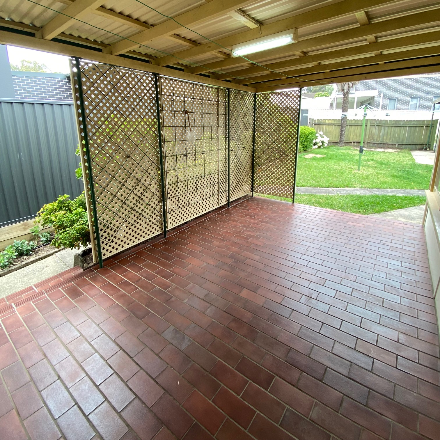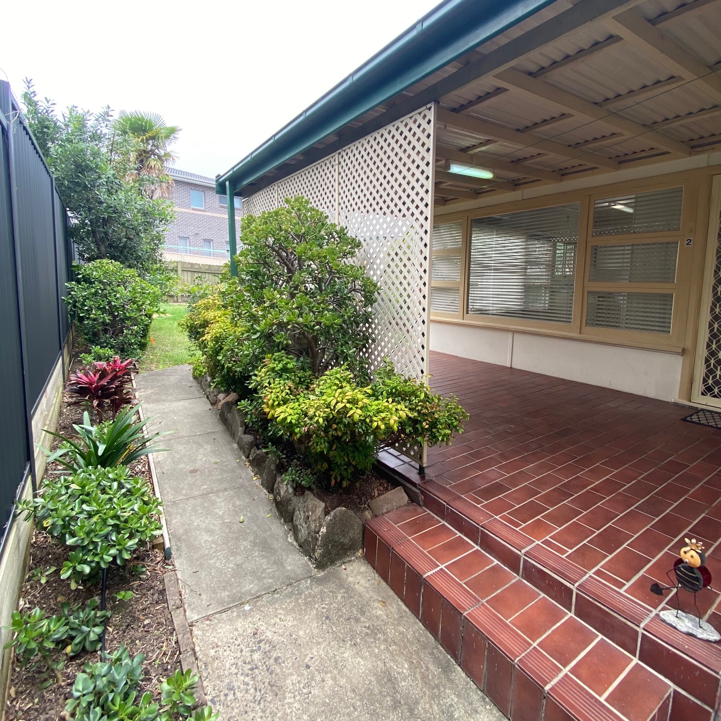 Featuring a large covered porch with an outlook of a beautifully maintained garden which is inclusive of the rent.
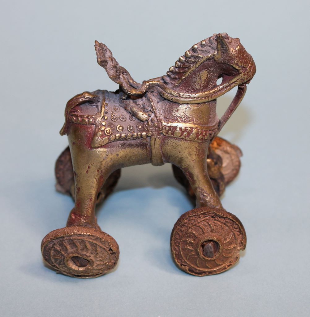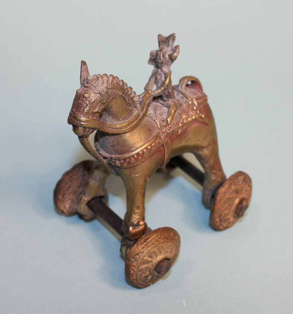 An early brass Indian God on a wheeled horse Temple Toy, 3" x 3 1/2" x 4"h, one of the horse's ear is missing. An early brass Indian God on a wheeled horse Temple Toy, 3" x 3 1/2" x 4"h, one of the horse's ear is missing.
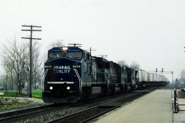 Lock 10 in Cranesville NY a few miles east of Amsterdam NY is one of the most accessible locks for cross-canal train watching. This is how it looked in 1994 before a devastating flood in 2006 knocked it out of operation for several years. It is back in operation, but missing the stand of cottonwood trees. So much for sitting in the shade waiting for the next train. In 1994 the last section of the West Shore railroad was still operating to service a nearby quarry. Here C40-8W 6096 and an unidentifiable SD60M (55?3) lead an eastbound freight.
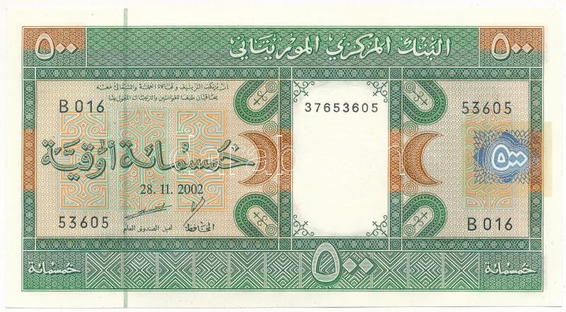 Ma... https://www.darabanth.com/hu/498-Gyorsarveres/498.0/Numizmatika/Kulfoldi-bankjegyek~1000103/Mauritania-2002-500O-B-016-53605-TAU-hullamos-papir3Cbr-3E-Mauritania-2002-500-Ouguiya-B-0~II3398718

_ _ _

§ Your objective:
A faithful copy is needed: reproduce all of the data above, leaving the pictures out.

§ Problem solution:
 Featuring a large covered porch with an outlook of a beautifully maintained garden which is inclusive of the rent.
 An early brass Indian God on a wheeled horse Temple Toy, 3" x 3 1/2" x 4"h, one of the horse's ear is missing. An early brass Indian God on a wheeled horse Temple Toy, 3" x 3 1/2" x 4"h, one of the horse's ear is missing.
 Lock 10 in Cranesville NY a few miles east of Amsterdam NY is one of the most accessible locks for cross-canal train watching. This is how it looked in 1994 before a devastating flood in 2006 knocked it out of operation for several years. It is back in operation, but missing the stand of cottonwood trees. So much for sitting in the shade waiting for the next train. In 1994 the last section of the West Shore railroad was still operating to service a nearby quarry. Here C40-8W 6096 and an unidentifiable SD60M (55?3) lead an eastbound freight.
 Ma... https://www.darabanth.com/hu/498-Gyorsarveres/498.0/Numizmatika/Kulfoldi-bankjegyek~1000103/Mauritania-2002-500O-B-016-53605-TAU-hullamos-papir3Cbr-3E-Mauritania-2002-500-Ouguiya-B-0~II3398718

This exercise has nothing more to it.